Ron Gilbert: Puzzles in adventure games are probably a lot like stories. If you look at adventure games you can probably boil every puzzle down to one of, say, 20 puzzles. It’s the same with movies. You could take every single movie plot ever made and boil it down to 25 basic plots. It’s what you put on top of that – the other scenarios, the characters, all of those things.
If you were to deconstruct all the puzzles in the The Cave’s carnival section you probably wouldn’t find anything too original. But the fact that we wrapped them up in this carnival and gave them to you in different orders makes them seem fresh and new. Like with movie plots, it’s how you dress it up that makes it interesting.
Are there any adventure game clichés that you find really difficult to avoid?
Ron Gilbert: The absurdity of it all. It’s one of the reasons I’ve always enjoyed making adventure games that are comedies. At some level, there’s just the absurdity of using weird items in weird ways.

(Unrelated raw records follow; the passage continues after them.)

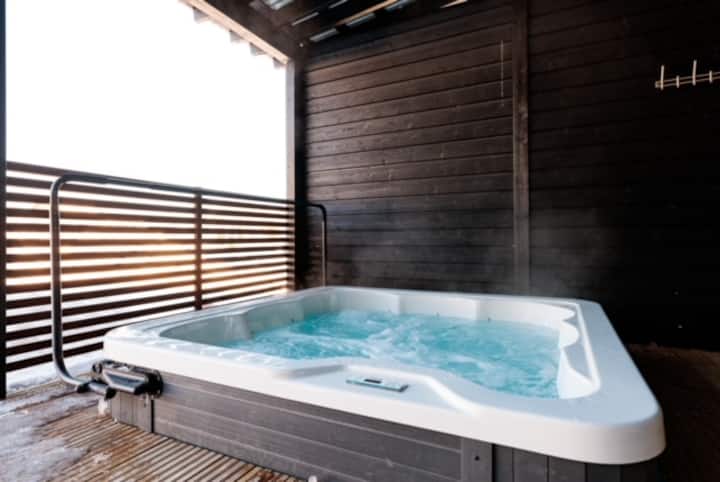 วิลล่ามีอ่างน้ำร้อนกลางแจ้ง และคุณสามารถสลับจากความร้อนของห้องซาวน่าไปยังอ่างน้ำร้อนได้อย่างง่ายดาย อ่างน้ำร้อนกลางแจ้งอยู่บนดาดฟ้าภายใต้ร่มไม้ นอกจากนี้ยังมีเตาย่าง ชุดโต๊ะ และพื้นที่นั่งเล่นบนดาดฟ้า สนามของวิลล่ามีพื้นที่สำหรับรถยนต์มากมาย และยังมีเสาให้ความร้อนรถในสนาม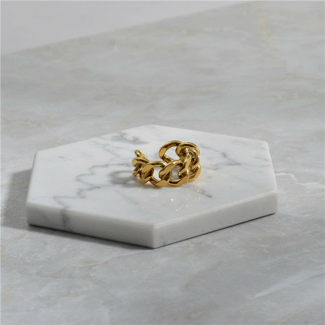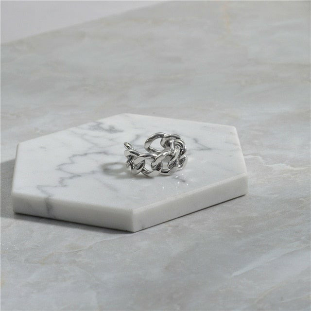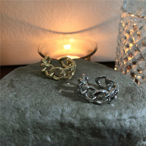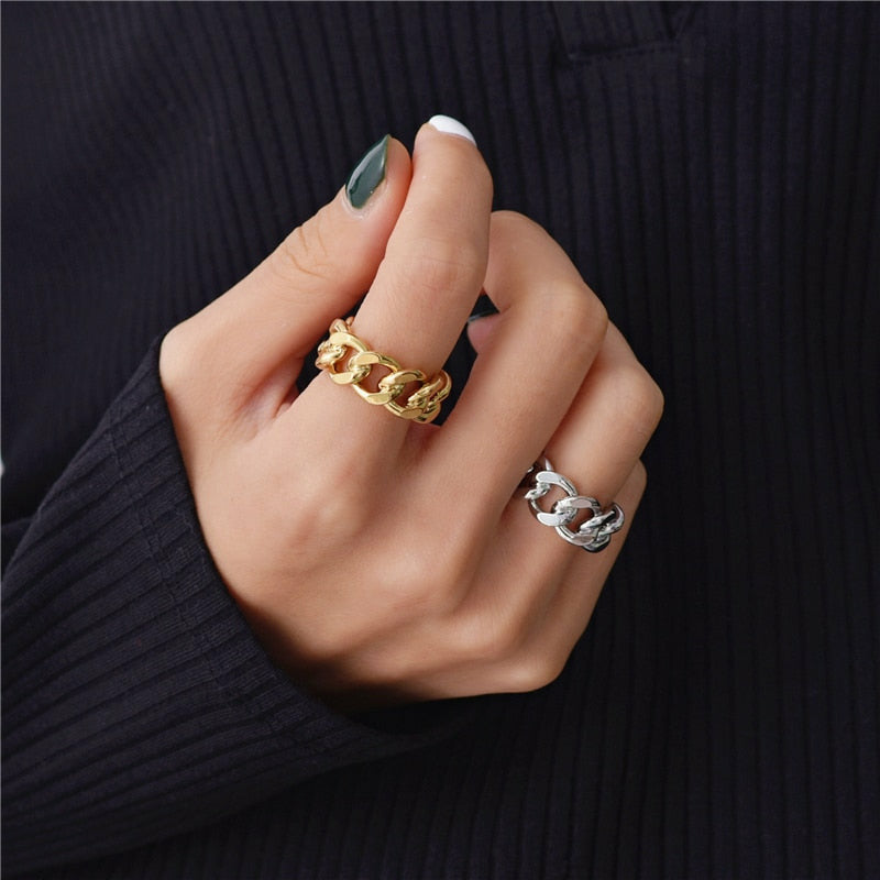 Gold Silver Color Chunky Chain Rings Link Twisted Geometric Adjustable Rings Jewelry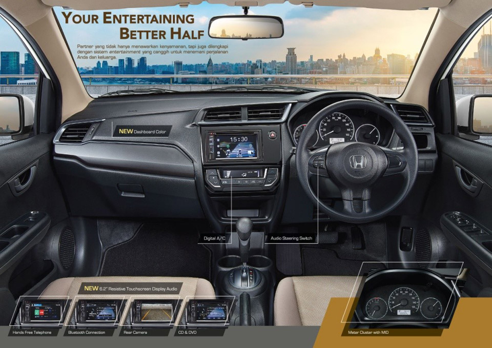 New Honda Mobilio grade S (M/T) hadir dengan beberapa fitur seperti New Stylish Front Grille Design, New 15" Alloy Wheel, New 2DIN Audio with Bluetooth & Hands Free Telephone.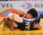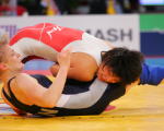 4年ぶりに世界一に返り咲いた51kg級の坂本日登美。5試合中3試合がフォール勝ちで、総獲得ポイントは31点というすばらしい攻撃能力を見せた。正確無比の正面タックルを紹介する。

If you’re doing a game that is completely serious it’s always struck me as odd that I’m combining a pencil with some bubblegum to get a coin out of a sewer, while trying to tell a serious hard-boiled detective story. Those things just don’t match.
If you’re doing a comedy you can get away with a lot of that stuff, as people are more willing to accept it. But that absurdity of using strange items to solve puzzles can be a very hard thing to get away from.
What makes a great video game character?
Ron Gilbert: In some ways the same things that make a really good movie protagonist. There’s something about a protagonist that the player needs to be able to relate to. There’s always some kind of challenge they’re trying to overcome – that’s always a cornerstone of any movie.
That works well in games as you as the player actively help the character overcome it. So, protagonists are a little bit about aspiring to more than you actually are. It’s about getting caught in some kind of a problem and trying to work your way out of a problem.
Out of all the characters you’ve created, which one is your favorite?
Ron Gilbert: Probably Guybrush [from Monkey Island]. He’s a bumbler, right? He’s not the smartest person in the world, he really isn’t. He just bumbles his way through. He’s the butt of jokes, but he doesn’t know it. He imagines he’s a much better pirate than he actually is. That’s fun to write for and fun to make puzzles for because you can really play off it without the character themselves turning into a buffoon. I think Guybrush is really special because of that.